- Opening Delimiter -

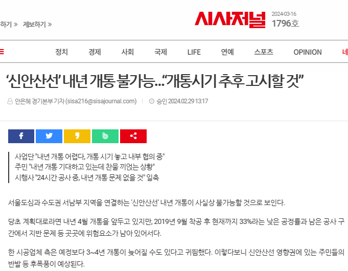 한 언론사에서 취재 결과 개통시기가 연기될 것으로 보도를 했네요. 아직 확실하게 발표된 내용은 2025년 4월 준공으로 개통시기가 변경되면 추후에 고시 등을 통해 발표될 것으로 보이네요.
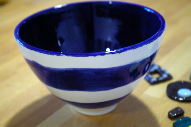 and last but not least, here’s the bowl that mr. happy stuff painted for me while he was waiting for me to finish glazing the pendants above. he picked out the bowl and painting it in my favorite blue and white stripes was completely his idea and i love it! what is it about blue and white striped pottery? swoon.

- Closing Delimiter -
- Opening Delimiter -

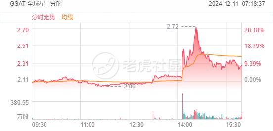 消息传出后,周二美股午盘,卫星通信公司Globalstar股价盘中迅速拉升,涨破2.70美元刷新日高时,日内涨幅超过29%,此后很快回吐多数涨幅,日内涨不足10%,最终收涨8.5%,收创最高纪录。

- Closing Delimiter -

◆ Assignment ◆
Copy needed, without pictures: the lines of the listing above from the line containing "한 언론사에서 취재 결과" up to and including the line containing "and last but", set down exactly.

◆ Exercise output ◆
 한 언론사에서 취재 결과 개통시기가 연기될 것으로 보도를 했네요. 아직 확실하게 발표된 내용은 2025년 4월 준공으로 개통시기가 변경되면 추후에 고시 등을 통해 발표될 것으로 보이네요.
 and last but not least, here’s the bowl that mr. happy stuff painted for me while he was waiting for me to finish glazing the pendants above. he picked out the bowl and painting it in my favorite blue and white stripes was completely his idea and i love it! what is it about blue and white striped pottery? swoon.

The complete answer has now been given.